The PZA Loara (Polish: Przeciwlotniczy Zestaw Artyleryjski or "anti-aircraft artillery system") is a Polish armored radar-directed self-propelled anti-aircraft gun system. The original PZA Loara prototype was based on the chassis of the T-72M tank. The production version known as PZA Loara-A is based on the chassis of the PT-91 MBT.

Description
The system was developed in Poland in the late 1990s by RADWAR S.A. in cooperation with numerous state and industry partners. Work on the project began in 1994 with an emphasis on the PZA variant of the vehicle. A working prototype was completed by the year 2000, which was subsequently submitted for live fire trials in September. It was originally planned that the LOARA program would also include a missile-armed version of the system – called the PZR Loara – a missile-armed version of the vehicle based on the PZA and sharing approx. 70% parts commonality. The PZR was ultimately canceled.

Early prototypes were built on a modified T-72M tank chassis, which saw the driver's compartment relocated to the left side of the hull, the torsion bar suspension system reinforced and the vehicle received an auxiliary power unit with larger capacity batteries necessary to operate the on-board electronics. The current production vehicle is based around the chassis of the PT-91 "Twardy" tank, and mounts a large, armored rotary turret manned by the vehicle commander and gunner/operator. The turret is a welded plate design capable of protecting the crew against small arms fire and shell splinters. The turret contains two banks (2x6) of smoke dischargers and two Oerlikon KDA 35 mm automatic cannons linked to a fire control radar (like on Flakpanzer Gepard).

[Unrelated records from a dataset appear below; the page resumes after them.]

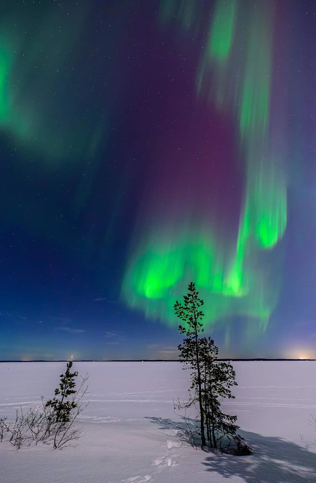 Всегда мечтала увидеть северное сияние, но за двенадцать лет жизни в Финляндии так и не довелось. Здесь часто бывает, и не только зимой, но это надо либо жить не на первом этаже, либо... вот так чаще ночами гулять над озёрами.
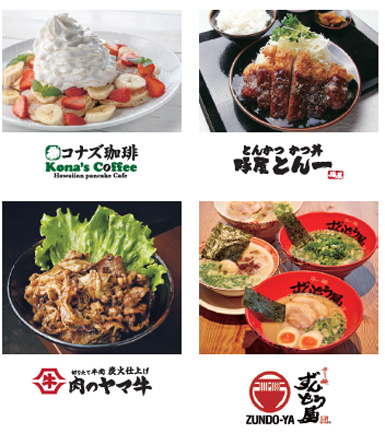 「コナズ珈琲」、「ずんどう屋」、「肉のヤマ牛」、「豚屋とん一」、「晩杯屋」、「とりどーる」、「天ぷらまきの」、「長田本庄軒」、「焼きたてコッペ製パン」が含まれております。
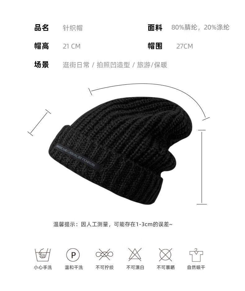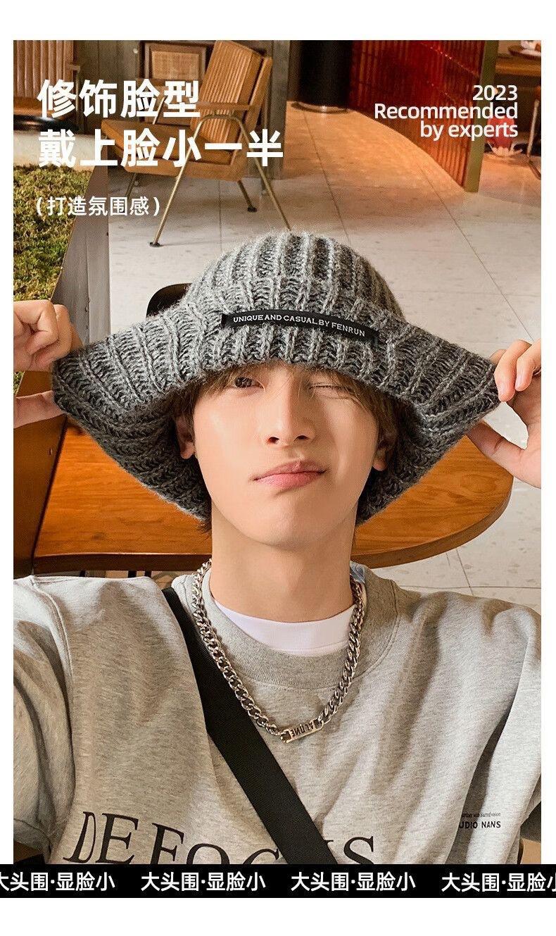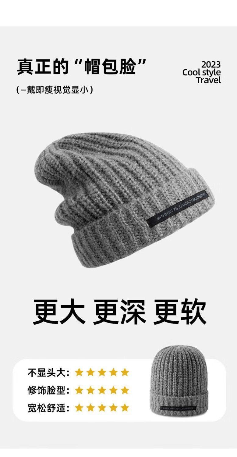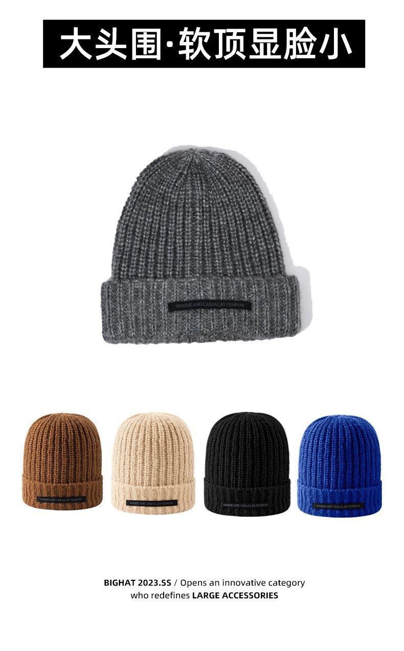 Sombrero de Lana para Hombre y Mujer Circunferencia de Cabeza Grande Cara Pequeña Sombrero para el Frío Otoño e Invierno 2024 Nuevo Sombrero Tejido Cálido Grueso a Prueba de Viento
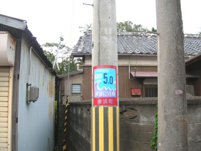 ちなみに隣の御坊市だと、海抜標識のデザインが違います。
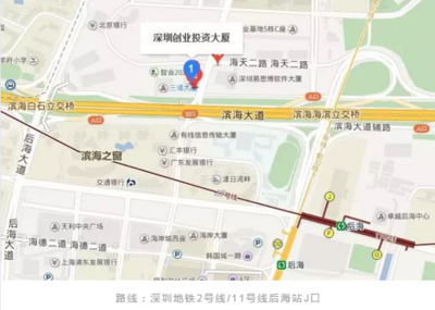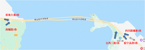沿滨海大道向南行驶811米靠左进入匝道
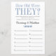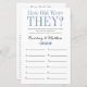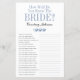 Esta bela folha de jogos de chá de panela com Quantos Idosos Tinham? na frente e Como Conhecem A Noiva? atrás é simples e encantadora - perfeita para o vosso chá. Estes jogos divertidos e fáceis trazem muitas risadas ao seu chá de panela! Peça a familiares e amigos que lhe enviem fotos da noiva e do noivo em todas as idades e que as façam imprimir. Numerá-los e colocá-los perto destas folhas de jogo. Basta dar uma folha a cada convidado (não se esqueça das canetas) e deixar a competição começar pelo primeiro jogo! Ficará surpreso com quantas pessoas conhecem realmente a idade da noiva e do noivo. Depois, sacudir a folha e dê 5 minutos aos convidados para responder às perguntas. Você vai descobrir quem realmente conhece a noiva. Em segundos você pode ver como sua folha de jogo ficará. Basta selecionar Personalizar este Modelo e digitar os nomes da noiva e do noivo.
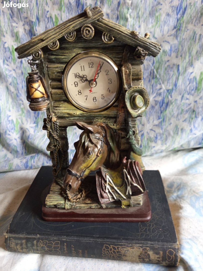 Eladó a képeken látható,müködö képes lovas óra.Érdeklödni itt is lehetméretei24y14cm..
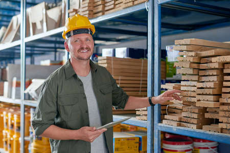 manager in a hardware store inspects retail space
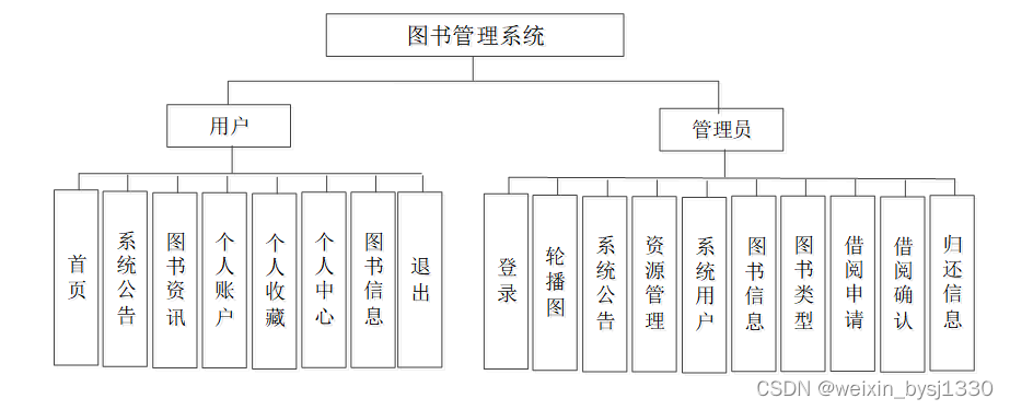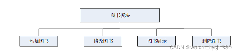 图书管理系统是中需要存储不少图书信息,其模块功能结构,具体的结构图如下:

The KDA is license-built in Poland by Huta Stalowa Wola. It is a gas-operated weapon with a dual belt feed mechanism, driven by a laterally-mounted gas piston operating rod. The air-cooled, fluted barrel has a variable rifling twist and is equipped with a muzzle device that relays muzzle velocities to the fire control computer. The left and right cannons are not interchangeable since their feed systems require a different mounting configuration for each gun. The cannon fires the 35x228 mm round with several types of ammunition, including Ahead "smart" rounds (which have a programmable fuse and directional payload ejection capability, allowing engagement of missiles and other very small targets) and subcaliber FAPDS. The HE ammunition is stored in a magazine at the base of the turret basket and has a capacity for 2x210 rounds. Belts with armour-piercing ammunition (20 rounds per belt) are carried in large magazines on the turret exterior. The turret and gun drive systems are electrical.

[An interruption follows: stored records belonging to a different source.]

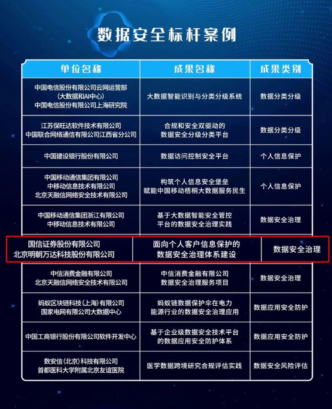 其中,由國信證券股份有限公司(以下簡稱“國信證券”)和北京明朝萬達科技股份有限公司(以下簡稱“明朝萬達”)共同完成的“面向個人客戶信息保護的數據安全治理體系建設”方案經過層層審查和專家評審,被評選為【數據安全標桿案例】。
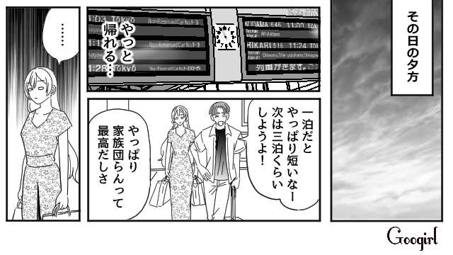 亮介の実家でクタクタになった優子は、やっとひとりホテルへと逃げ込みます。誰にも愚痴を言えず、モヤモヤを抱えたまま迎えた帰省2日目。迎えに来たのは、当然亮介ひとりではありませんでした。
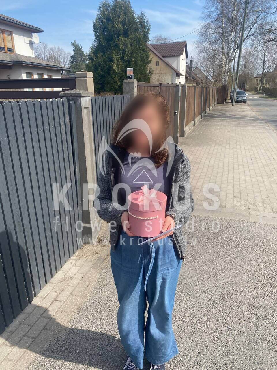 Mēs piegādājām vēl vienu pasūtījumu uz pilsētu Rīga. Pasūtītājs vēlējās: Ziedu piegāde Flowerbox ar macarooniem (Izmērs:
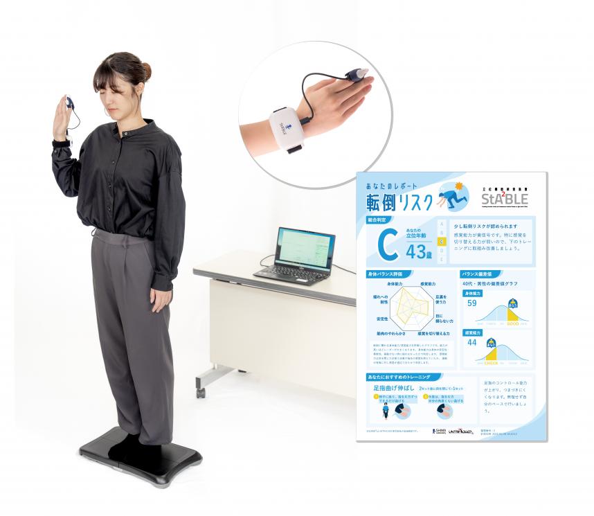 | 15 | 転倒リスク計測装置StA²BLE | UNTRACKED株式会社 | 指先に付ける専用デバイスと重心動揺計 | 転倒リスク/立位年齢 | ![]() |

The Loara is an autonomous fire unit capable of performing its tasks independently or acting as a component in a wider air defence net. The system has two radars: a 3D search radar with a built-in IFF interrogator and an Ericsson Eagle Mk 1 engagement radar. The search radar has a range of 26 km and is capable of tracking and identifying up to 64 targets at once. The radar system can also be operated on the move, refreshing its data every second. The system also has a DL-1 laser range-finder, a KTVD-1 daytime TV camera as well as a SAGEM Iris FLIR giving the system both all-weather day/night capabilities and the ability to operate entirely passively in a heavily saturated ECM environment. The Loara has a reaction time of under 10 seconds; initial target scanning and acquisition while on the move is carried out by the vehicle commander by means of his stabilized panoramic 8x PSPD-1 periscope sight developed PCO S.A. The system can engage aircraft flying at very low altitudes up to 5,000 m, and flying at speeds of up to 500 m/s. It is also effective against lightly armored ground and naval targets.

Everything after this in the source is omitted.